Course Syllabus

Course Overview

A graduate-level course covering technical foundations of modern natural language processing (NLP). The course will cast NLP as an application of machine learning, in particular deep learning, and focus on deriving general mathematical principles that underlie state-of-the-art NLP systems today. 

Course links:

Course format: Flipped classroom. Each week, the student watches a lecture video online and studies the associated slides at her own pace (note: the slides may be updated to incorporate more recent developments and differ slightly from the video, so please re-download the latest slides after the lecture time).
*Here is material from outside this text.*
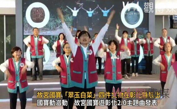 縣府文化局再度爭取到故宮「翠玉白菜」等4件國寶前來展出,並顛覆以往靜態展覽,取得「故宮國寶動動操」音樂授權,進行改編,文化局志工總隊編制輕快舞曲,今(7)日上午在縣府中庭,由縣長王惠美宣布暖身活動-「跟著國寶動滋動」故宮國寶遊彰化動動操影片徵選競賽起跑,主題曲和MV也搶先曝光!

Even though all materials are made available upfront, the student is not expected to "study ahead"; he is only responsible for materials covered up to that week only (e.g., for quizzes and assignments). Then, in the class we will discuss a research paper chosen from the reading list above. Every student is required to present a paper and lead the discussion (10% of the grade).

  • Meeting each week on Wednesday 1:00-2:30pm.  
    • Until January 30th: Synchronous online 
    • After January 30th: In-person at SEC 207 BUS
  • Occasionally, there will be online quizzes on Canvas. They will be scheduled within the course time slot (12:10-3:10pm Wednesday) so that there is no time conflict with other courses. 

Prerequisites for undergraduates: linear algebra (M250), probability (CS206, or M477/S379), data structures (CS112). Recommended: multivariable calculus (M251), machine learning (533).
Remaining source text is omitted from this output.